DPI vs PPI: What's the Difference?
DPI (dots per inch) and PPI (pixels per inch) describe image resolution but in different contexts. PPI is used for digital displays — it tells you how densely pixels are packed in a screen. DPI is used for print — it tells you how many ink dots a printer places per linear inch. When you export an image for print, the DPI setting in the file metadata tells the printer or layout application how large to render it, though most modern software re-samples images to fit the specified size anyway.
What DPI Should You Use?
- Screen / web — 72–96 PPI for standard displays; 144–192 PPI for Retina/HiDPI screens
- Standard photo prints — 300 DPI for prints up to 8×10 inches
- Large format posters — 100–150 DPI (viewed from further away)
- Billboards — 10–25 DPI (viewed from tens of feet)
- Fine art giclée prints — 360–720 DPI for maximum detail
- Newspaper — 150–200 DPI
How DPI Affects File Size
Doubling the DPI quadruples the pixel count (and roughly quadruples the file size for uncompressed images). A 4×6 inch image at 300 DPI is 1200×1800 pixels = 2.16 megapixels. The same image at 600 DPI would be 2400×3600 pixels = 8.64 megapixels. For most print-on-demand services, 300 DPI is the sweet spot — higher resolutions rarely produce visible improvement and create unnecessarily large files.
Retina and High-DPI Displays
Apple's Retina displays pack approximately twice the pixels into the same physical space as standard displays, resulting in 220–600 PPI depending on the device. iOS uses a CSS pixel ratio of 2×–3×, meaning a CSS pixel maps to 4–9 physical pixels. When designing for web, use the CSS pixel (logical pixel) for layout; supply 2× and 3× image assets for sharp rendering on high-DPI screens. The viewport meta tag controls how the browser maps CSS pixels to physical pixels.

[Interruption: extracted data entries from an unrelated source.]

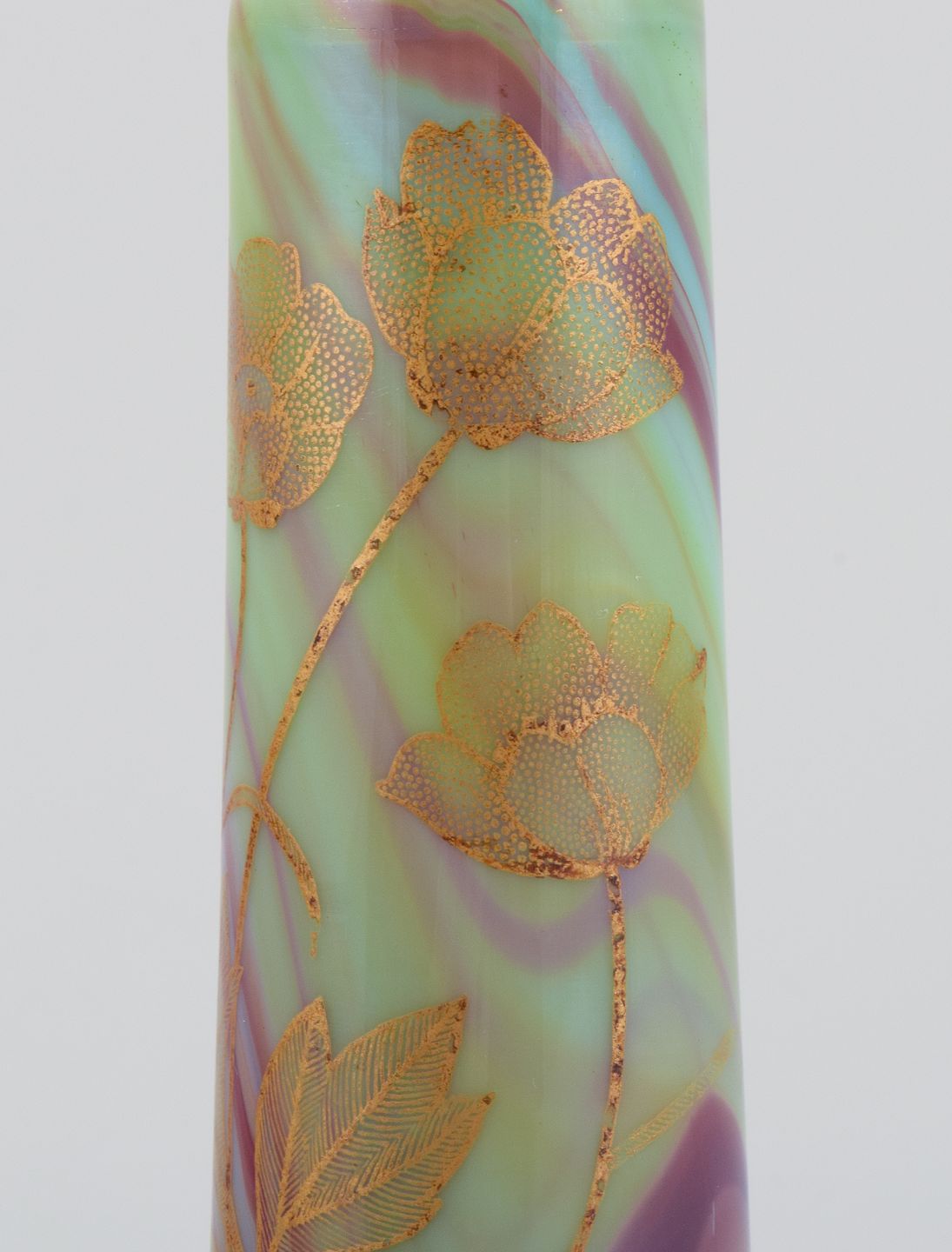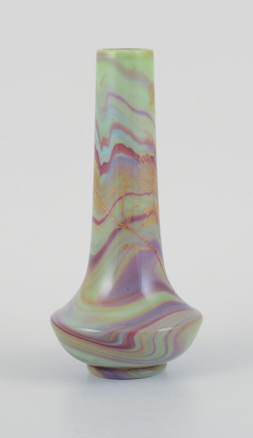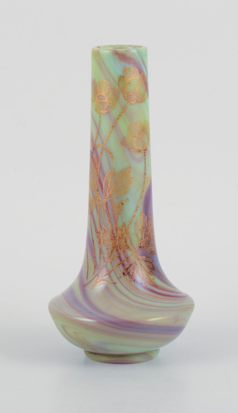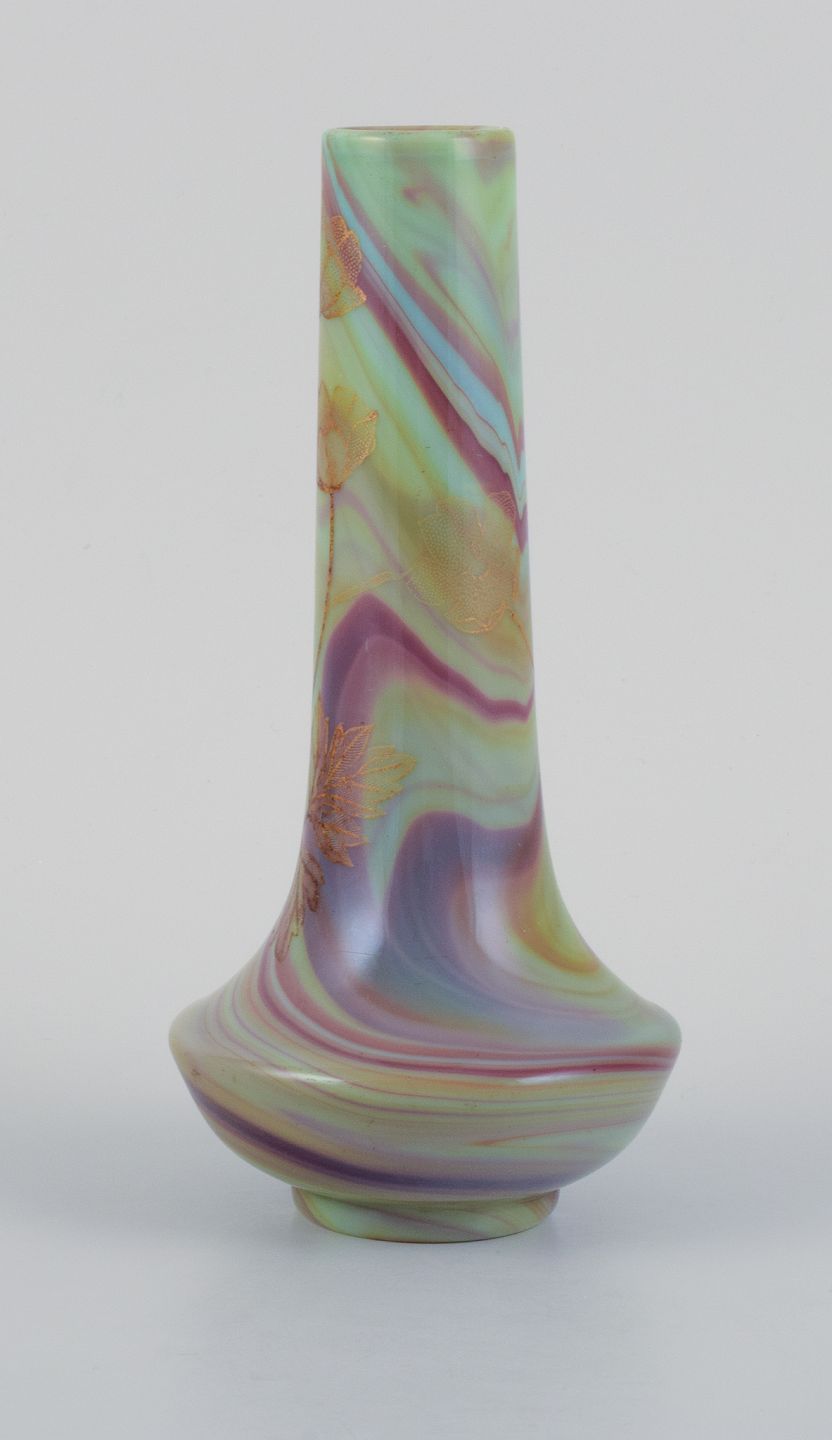 Sevres, fransk kunstglasvase, håndmalet marmor lignende dekoration samt gulddekoreret blomsterbuket. Tidligt 1900-tallet. Signeret. Perfekt stand. Mål: H 19,5 cm. x D 9,5 cm.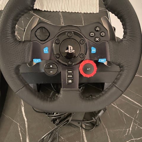 Logitech G29 Racing Wheel og pedaler for PlayStation. Inkluderer ratt med knapper og girspak, samt tre pedaler for gass, brems og clutch. Rattet har skinnbelagt grep og flere funksjonsknapper. Pedalene er laget i metall og plast. Og girspak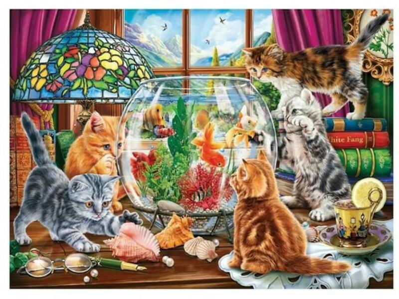 Az Anatolian 1000 db-os puzzle -Kittens and Aquarium (1142)  című képén játékos kiscicák és egy tündéri akvárium ábrázolása, mely tele van élettel és vidámsággal. A puzzle a cuki és szórakoztató jelenetek kedvelőinek tökéletes választás.

Megapixels and Print Quality
A higher megapixel count gives you more flexibility for large prints and heavy cropping. A 12 MP camera (4000×3000 px) can produce a 13.3×10 inch print at 300 DPI — comfortably photo-lab quality. A 24 MP camera (6000×4000 px) can print up to 20×13.3 inches at 300 DPI. For web-only use, anything above 2–3 MP is usually more than sufficient and just adds storage overhead. Use the megapixel mode in this calculator to see exactly what print sizes your current resolution supports at various DPI targets.